Sector Outlook (4/5)

Overall health care sector will continue to grow as technology advances and the population ages. Particularly, the infertility market will grow at a stronger pace (~10% per year) than the overall health care market. It’s not exceptional growth like can be found in some of the tech sector, but it should be adequate to present a great growth opportunity for Progyny.

Risk

Progyny is enjoying a first mover benefit at this point, and I expect them to maintain their economic moat. However, any health care insurance companies with large financial and technological resources could always enter the market and disrupt Progyny’s growth. Also, compared to other types of healthcare companies, their technology is not protected through patents or government regulation. Therefore, it’s more vulnerable to disruptive technology.

Progyny’s valuation is pretty steep at this point.

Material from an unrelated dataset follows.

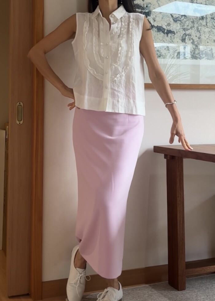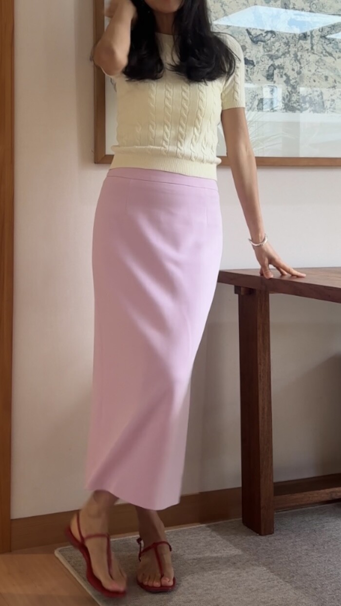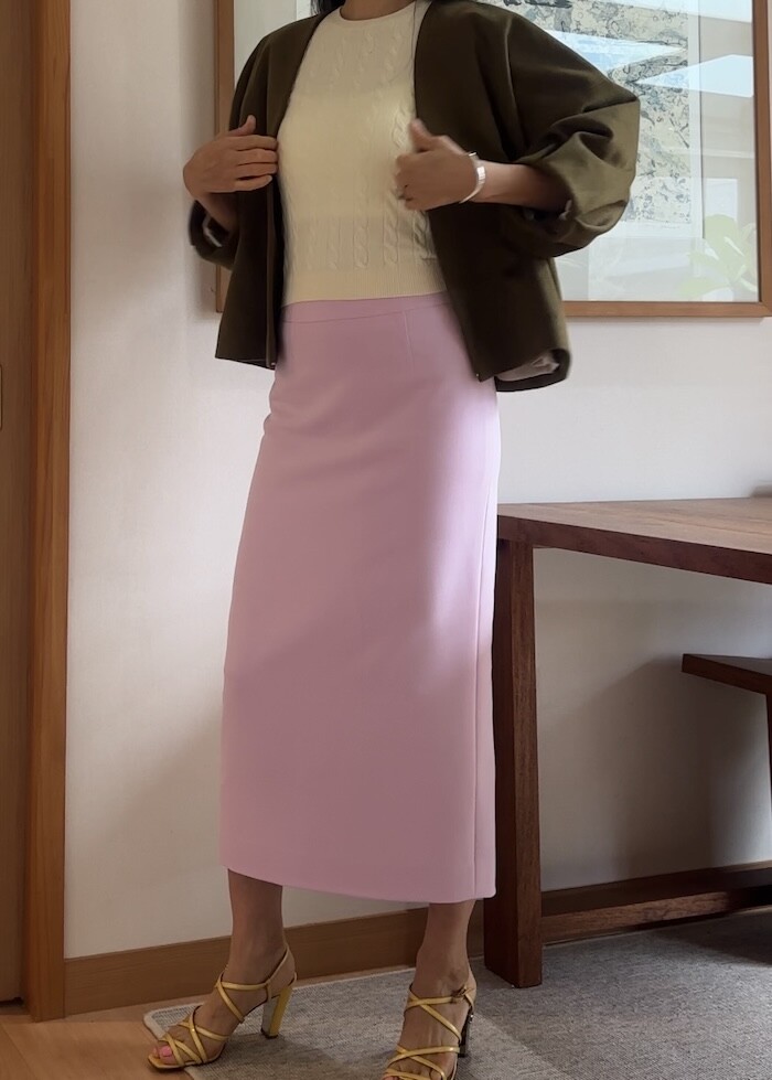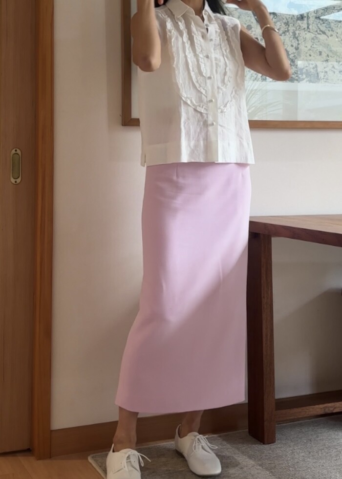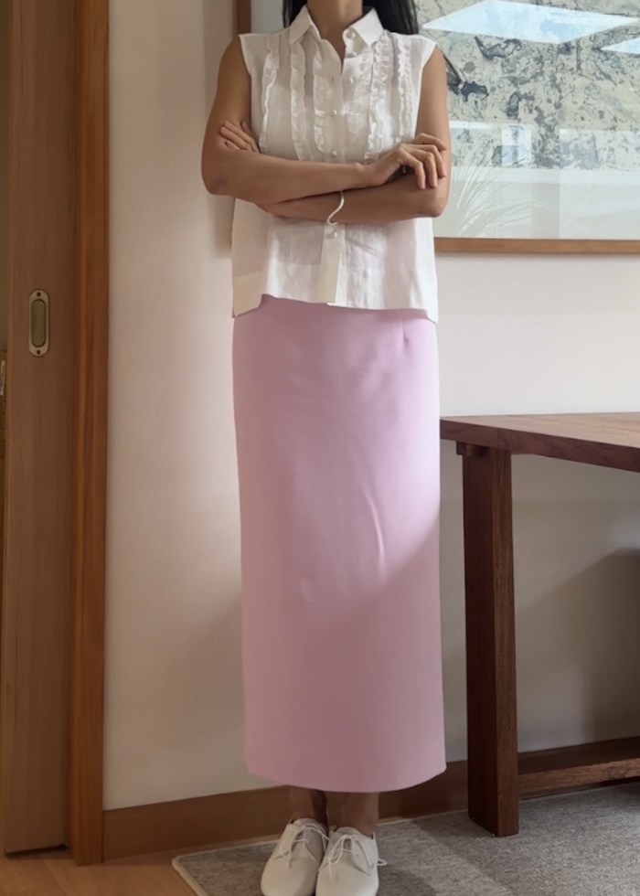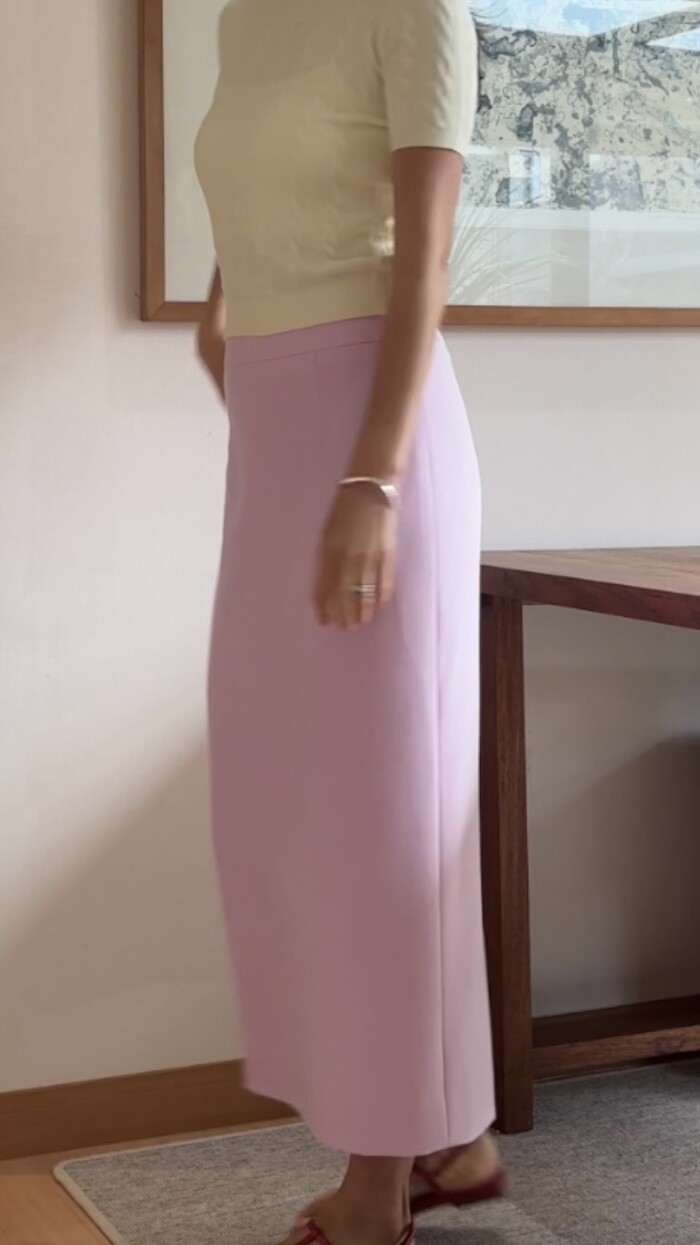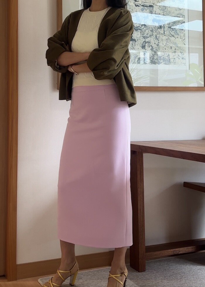 옆지퍼에 주머니 없이 A 라인으로 떨어지는 클래식한 스타일입니다.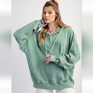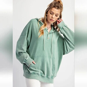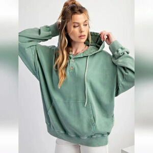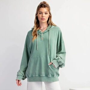New with Tags Easel Peace Symbol Patch Washed Terry Knit Hooded Pullover in beautiful Pacific Green from Luxury Boutique brand Easel which is carried by fine retailers like Anthropologie and Nordstrom

The P/E ratio of 52x and EV/EBITDA ratio of 120x are a lot higher than the sector median. Given their young age and rapid growth trajectory, it’s not uncommon to see such a high P/E ratio for a company like Progyny. However, the high valuation does expose an investor to greater stock price volatility, and a miss in revenue/profit expectations will result in a large stock price drop. Therefore, investors should keep that in mind.

Conclusion

Progyny is effectively addressing a need of both employers and employees. Perceptions around infertility are improving and employers are increasingly offering fertility benefits to compete in a tight labor market. There remains plenty of room in the market and Progyny has a promising growth trajectory. Their profitability and strong financial positions are impressive for such a young company. The company has a head-start in the field, which will help guard against a technological disruption or competition from other companies with major resources.